Roman goddess of salt water

In ancient Roman mythology, Salacia (/səˈleɪʃə/ sə-LAY-shə, /la/) was the goddess of saltwater and the consort of the Roman ocean god Neptune. She was identified with the Greek goddesses Amphitrite, consort of Poseidon, and Tethys, consort of Oceanus.

The trans-Neptunian object 120347 Salacia is named after the goddess.

== Etymology ==
Salacia was the personification of the calm and sunlit aspect of the sea. Derived from Latin sāl, meaning "salt", the name Salācia denotes the wide, open sea, and is sometimes literally translated as "the salty one".

== Mythology ==
That Salacia was the consort of Neptune is implied by Varro, and is positively affirmed by Seneca, Augustine and Servius.

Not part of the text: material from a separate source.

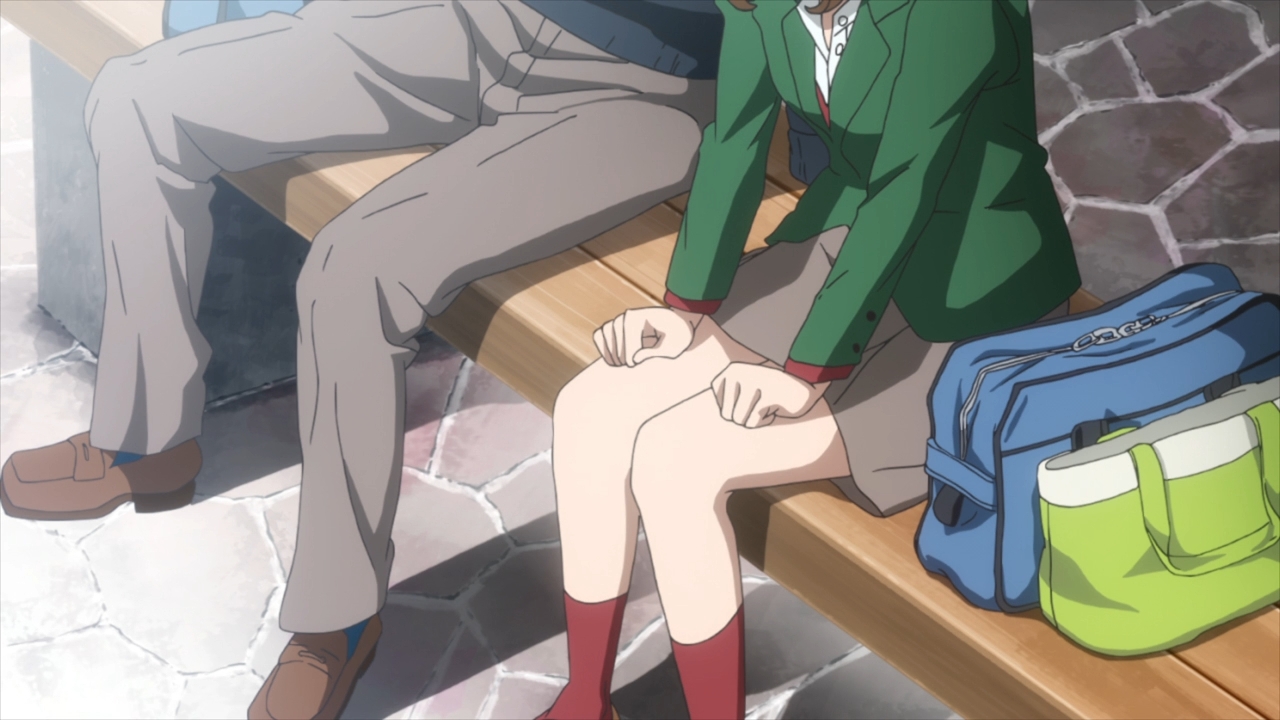 Tomorrow comes, and Naho finds herself short on courage. Lunchtime rolls around, but she closes her eyes in fear, and her lips tremble at the thought of giving Kakeru the bento box. By the time she steels her nerves, the guy had already left the room. Once lunch is over, the girl feels as though she’s just missed her moment. It’s too late to give him the bento box now, she probably thinks. It just drives me mad seeing someone so shy and passive. I can relate, and at the same time, I can’t relate. I mean, it’s been so long since I was a teenager. It’s been so long since I’ve actually had such an innocent crush on anyone. Although I’ve been in Naho position before, memories of those anxious feelings have long since faded. My heart wants me to empathize with the girl, and truly, if she were just shy, I probably would feel that way. But there’s a moment later in the episode that really epitomizes why girls like Naho drive me crazy. When Kakeru notices that her bag is larger than usual, he offers to carry it for her. Afraid that he might discover the bento box, she jerks away from him in a fashion that makes it seem as though he’s offended her somehow. Oh my god, it is just a bento box!

The god Neptune wanted to marry Salacia, but she was in great awe of her distinguished suitor, and to preserve her virginity, with grace and celerity she managed to glide out of his sight, and hid from him in the Atlantic Ocean. The grieving Neptune sent a dolphin to look for her and persuade the fair nymph to return and share his throne. Salacia agreed to marry Neptune and the King of the Deep was so overjoyed at these good tidings that the dolphin was awarded a place in the heavens, where he now forms a well known constellation Delphinus.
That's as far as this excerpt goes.